If the LDAPS certificate has been changed on the LDAP server side, but the new certificate hasn't been updated on vCenter, LDAP authentication to the vCenter will fail.

vCenter Server 7.x

vCenter Server 8.x

LDAPS certificates mismatch between vCenter and LDAP servers.

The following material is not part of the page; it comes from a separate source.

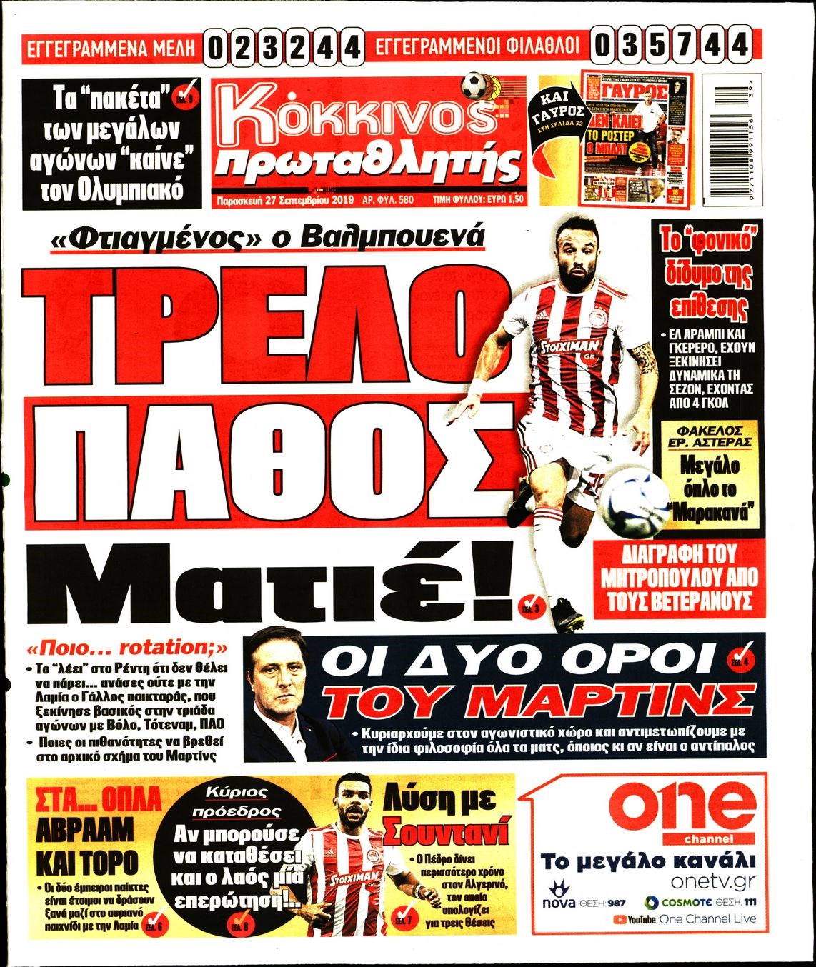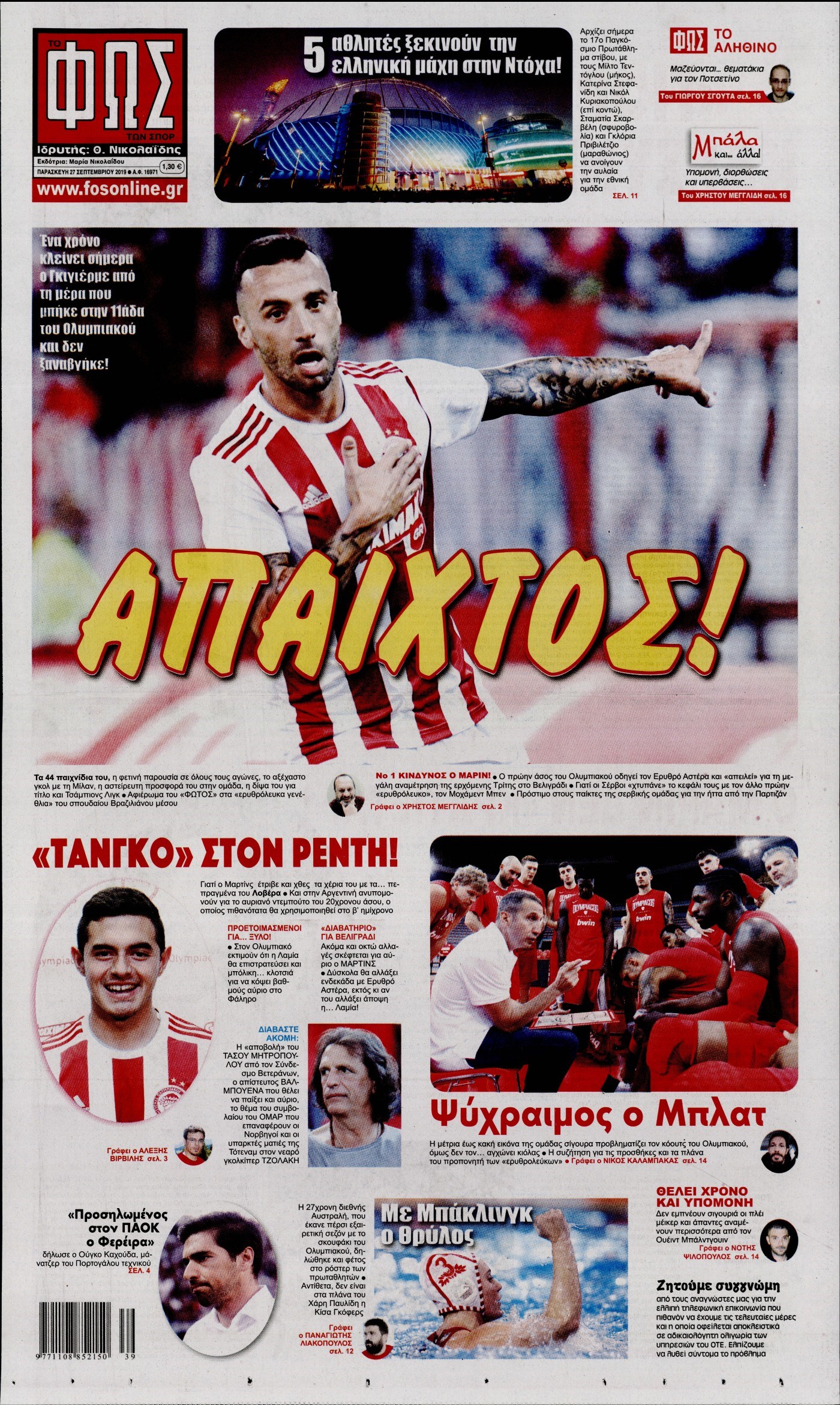Οι αθλητικές εφημερίδες 27/9/2019 Διονύσης Νίκκας 06:40, Παρασκευή 27 Σεπτεμβρίου 2019 Media Διαβάστε τα πρωτοσέλιδα των αθλητικών εφημερίδων… ΑΘΛΗΤΙΚΕΣ ΕΦΗΜΕΡΙΔΕΣ Μοιράσου το: σχολίασε κι εσύ (0 σχόλια) Ακολουθήστε το enikos.gr στο Google News και μάθετε πρώτοι όλες τις ειδήσεις Δείτε όλες τις τελευταίες ειδήσεις από την Ελλάδα και τον Κόσμο στο enikos.gr Ειδήσεις Ροή Ειδήσεων 29 λεπτά πριν Εκτός ευρωομάδας ΣΥΡΙΖΑ ο Νίκος Παππάς μετά την επίθεση στον δημοσιογράφο Νίκο Γιαννόπουλο – Η μήνυση και οι νέες δηλώσεις 57 λεπτά πριν «Αγριεύουν» οι αγρότες: «Δεν συντρέχει λόγος συνάντησης με τον πρωθυπουργό» – Ώρα αποφάσεων στη σύσκεψη της Πέμπτης 52 λεπτά πριν Κυψέλη: Χωρίς την οικογένειά της δίπλα της απολογήθηκε η 16χρονη – «Της είχε επιτεθεί κάποιος για να την βιάσει, φοβήθηκε και κυκλοφορούσε με μαχαίρι» 23 λεπτά πριν Politico: Το πρόβλημα της Ευρώπης δεν είναι το Βέλγιο αλλά ο Ντόναλντ Τραμπ 2 ώρες πριν Αλεξανδρούπολη: Πολυοργανική ανεπάρκεια λόγω υποσιτισμού η αιτία θανάτου του 3χρονου αγοριού 42 λεπτά πριν Μυστήριο με τεράστιες κυκλικές πέτρες 200 κιλών – Ανακαλύφθηκαν τυχαία κατά τη διάρκεια οδικών έργων και κανείς δεν ξέρει από πού προέρχονται 2 ώρες πριν Ύπνος: Ειδικός εξηγεί τον πραγματικό λόγο που ξυπνάτε στις 4 τα ξημερώματα – Ο ρόλος των ορμονών και του κιρκάδιου ρυθμού 3 ώρες πριν Αριθμολογία: Οι άνθρωποι που έχουν γεννηθεί αυτές τις 4 ημερομηνίες, είναι τρυφεροί και αγαπούν ανιδιοτελώς 14 ώρες πριν 20 χρόνια τα Χριστούγεννα ξεκινούν στα Public με μεγάλη ποικιλία σε δώρα! 23 λεπτά πριν Politico: Το πρόβλημα της Ευρώπης δεν είναι το Βέλγιο αλλά ο Ντόναλντ Τραμπ 29 λεπτά πριν Εκτός ευρωομάδας ΣΥΡΙΖΑ ο Νίκος Παππάς μετά την επίθεση στον δημοσιογράφο Νίκο Γιαννόπουλο – Η μήνυση και οι νέες δηλώσεις 29 λεπτά πριν Κύπελλο Ελλάδας: Η Μαρκό έστειλε τον ΠΑΟΚ στον Ολυμπιακό… μέσω Ατρόμητου 32 λεπτά πριν Άκης Σκέρτσος: Μήνυση και αγωγή κατά της Ζωής Κωνσταντοπούλου θα καταθέσει ο υπουργός Επικρατείας 42 λεπτά πριν Μυστήριο με τεράστιες κυκλικές πέτρες 200 κιλών – Ανακαλύφθηκαν τυχαία κατά τη διάρκεια οδικών έργων και κανείς δεν ξέρει από πού προέρχονται ENIKOS NETWORK Αϋπνία: Το κόλπο που θα σας βοηθήσει να κοιμηθείτε απόψε – Είναι απλό και έχει αποτέλεσμα 2,6 εκατομμύρια πολίτες έχουν ήδη εμβολιαστεί κατά της γρίπης ΕΛΣΤΑΤ: Τι δείχνουν τα νέα στοιχεία για τις ηλεκτρονικές παραγγελίες των επιχειρήσεων ΚΕΠΕ: Οι 3 διακριτές συμβολές των ΜμΕ και της μεταποίησης στην ελληνική οικονομία Χαρτογραφώντας το «σημείο χωρίς επιστροφή»: Για πρώτη φορά αποκαλύπτεται με λεπτομέρεια το ακανθώδες όριο της ατμόσφαιρας τ... Η Google καταργεί τη λειτουργία «dark web report» – Πώς θα μπορούν οι χρήστες να διαγράφουν τα δεδομένα τους περισσότερα 22:24 , Τετάρτη 17 Δεκεμβρίου 2025 Το Σπίτι Δίπλα Στο Ποτάμι: Σε κίνδυνο η υγεία του Απόστολου – Τι θα δούμε απόψε “Το Σπίτι Δίπλα στο Ποτάμι” ξετυλίγει το νήμα της ζωής των πέντε αδελφών με καταισ... 21:14 , Τετάρτη 17 Δεκεμβρίου 2025 Παιχνίδια Εκδίκησης: Θα καταφέρει ο Χρήστος να κλονίσει την εμπιστοσύνη της Μάγιας απέναντι στον Άγη; Τα «Παιχνίδια Εκδίκησης» έρχονται απόψε στις 22:30, στον Αντ1, με το τελευταίο επεισόδιο της χ... 20:57 , Τετάρτη 17 Δεκεμβρίου 2025 Άγιος Έρωτας: Η Χλόη καταθέτει εναντίον του πατέρα της και ο Χάρης αποκαλύπτει στον Κλεάνθη ότι δεν είναι ο βιολογικός του πατέρας. Γεμάτο αποκαλύψεις είναι το νέο επεισόδιο της σειράς “Άγιος Έρωτας” απόψε στις 21:... 20:15 , Τετάρτη 17 Δεκε

Currently installed LDAPS certificates ended in XXX while active server certificates ended in YYY. This causes communication to fail between vCenter and LDAP server.

Run the following command to see the certificates currently stored for LDAPS authentication servers;

d1=$( cat /etc/vmware/install-defaults/vmdir.domain-name | sed -E 's/\./,/g ; s/([,^]+)/\0dc=/g ;s/^/dc=/' );d2=$(cat /etc/vmware/install-defaults/vmdir.domain-name );psc=$(/usr/lib/vmware-vmafd/bin/vmafd-cli get-ls-location --server-name localhost | cut -d / -f 3 | cut -d : -f 1);/opt/likewise/bin/ldapsearch -LLL -h $psc -p 389 -b "cn=IdentityProviders,cn=$d2,cn=Tenants,cn=IdentityManager,cn=Services,$d1" -D "cn=administrator,cn=users,$d1" -W '(objectclass=vmwSTSIdentityStore)' userCertificate

Run the following command to see the live certs being presented from the LDAPS servers;

echo -n | openssl s_client -connect LDAPS_FQDN:636 -showcerts 

Compare the 2 outputs for each LDAPS server and ensure they are they same. If not, you will need to recreate the LDAP config in vCenter for the domain having issues, with the correct certificate.